ABBREVIATIONS & DEFINITIONS

Thyrotoxicosis: elevated blood levels of thyroid hormone.

Hyperthyroidism: the most common form of thyrotoxicosis when the thyroid gland is overactive and produces too much thyroid hormone. Hyperthyroidism may be treated with antithyroid meds (Methimazole, Propylthiouracil), radioactive iodine or surgery.

Iodine: an element found naturally in various foods that is important for making thyroid hormones and for normal thyroid function. Common foods high in iodine include iodized salt, dairy products, seafood and some breads.

Graves’ disease: the most common cause of hyperthyroidism in the United States. It is caused by antibodies that attack the thyroid and turn it on.

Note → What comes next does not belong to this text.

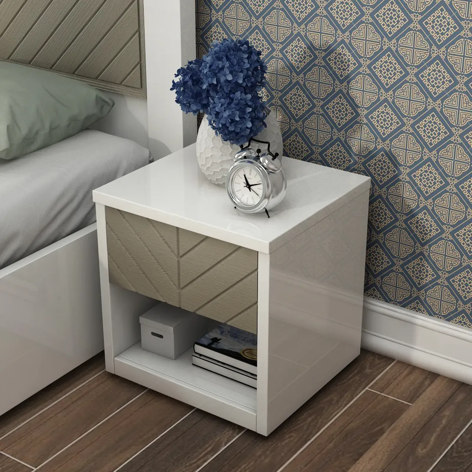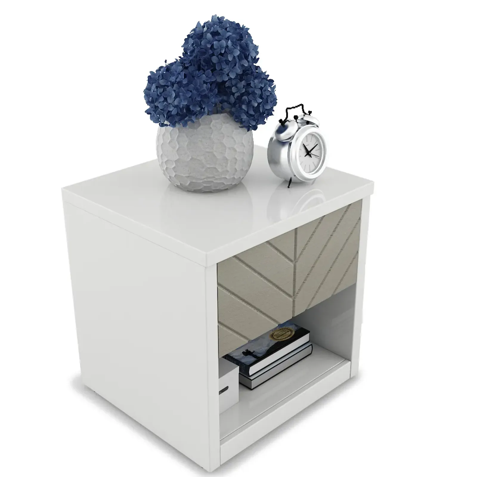 Alaska Bedside Table V2- High Gloss White

Toxic thyroid nodule/multinodular goiter: a condition characterized by one or more nodules or lumps in the thyroid that may gradually grow and increase their activity so that the total output of thyroid hormone in the blood is greater than normal.

BACKGROUND
Amiodarone, an iodine-rich medication used to treat abnormal heart rhythms, can result in thyrotoxicosis in 15% of patients. There are two distinct forms of amiodarone-induced thyrotoxicosis (AIT): type 1 AIT when the high iodine content of amiodarone precipitates an underlying thyroid disease (Graves’ disease or toxic nodules) and causes hyperthyroidism and type 2 AIT, in which a destructive inflammation caused by amiodarone causes a release of preformed thyroid hormone into the circulation. It is important to differentiate between these two types, since they require different treatment. A few prior studies have showed that AIT can develop at any time during or even after the discontinuation of amiodarone because of body storage and slow release of this medication into the circulation. This study evaluated whether the time interval between the initiation of amiodarone treatment and the diagnosis of thyrotoxicosis is different and it can potentially help to differentiate between the two forms of AIT.

THE FULL ARTICLE TITLE:
Tomisti L et al. The onset time of amiodarone-induced thyrotoxicosis (AIT) depends on AIT type. Eur J Endocrinol 2014; 171:363-8. Epub June 16, 2014.

SUMMARY OF THE STUDY
This is a study of 200 patients who were followed for AIT at an academic center in Italy between January 1987 and December 2012. A total of 157 men and 43 women were studied (mean age 62). Out of the 200 patients, 42 (21%) were diagnosed with type 1 AIT and 158 (79%) were diagnosed with type 2 AIT. Among the patients with type 1 AIT, 8 had Graves’ disease, 6 had a toxic thyroid nodule and 28 had a toxic multinodular goiter. Type 1 AIT patients had significantly higher serum thyroid hormone levels compared to type 2 AIT patients. The average onset time of thyrotoxicosis was 3.5 months in the type 1 AIT group and 30 months in the type 2 AIT group after starting amiodarone. Out of the 200 patients, 38 (19%) developed thyrotoxicosis after amiodarone withdrawal. Most of these (36) were type 2 AIT patients who developed thyrotoxicosis at an average time of 5.5 months after amiodarone withdrawal. These 36 type 2 AIT patients were younger than the those who developed thyrotoxicosis during the amiodarone treatment. A shorter onset time of AIT was seen in patients with larger thyroid volume measured on ultrasound when analyzing the entire group.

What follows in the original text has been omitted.